(Dataset extract begins)

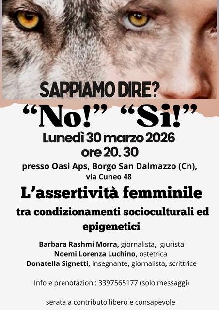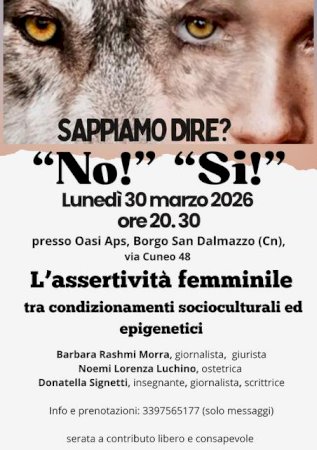 A Borgo San Dalmazzo il 30 marzo un incontro dedicato al tema del consenso, facendo riferimento alle capacità delle donne di riconoscere i propri bisogniLunedì 30 marzo alle ore 20.30, presso Oasi APS (via Cuneo 48), si terrà un incontro pubblico dal titolo “Sappiamo dire? ‘No!’ ‘Sì!’ – L’assertività femminile tra condizionamenti socioculturali ed epigenetici”.
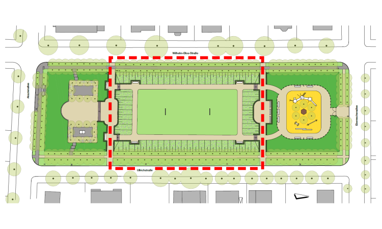 Im Rahmen der Maßnahmen werden die Hangböschungen und Rasenflächen neu modelliert. Der den gesamten Platz umfassende Baumrahmen mit den umlaufenden Gehwegen soll erneuert werden.
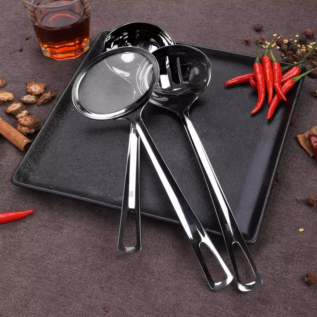 Fire stainless steel spoon 304 mirror polishing household small leaky spoon foam dress kit diluted rice

(Dataset extract ends)

### Instructions for the task
With pictures omitted, restate exactly every line from the one containing "Im Rahmen der" through the last line of the material, inclusive.

### The answer
 Im Rahmen der Maßnahmen werden die Hangböschungen und Rasenflächen neu modelliert. Der den gesamten Platz umfassende Baumrahmen mit den umlaufenden Gehwegen soll erneuert werden.
 Fire stainless steel spoon 304 mirror polishing household small leaky spoon foam dress kit diluted rice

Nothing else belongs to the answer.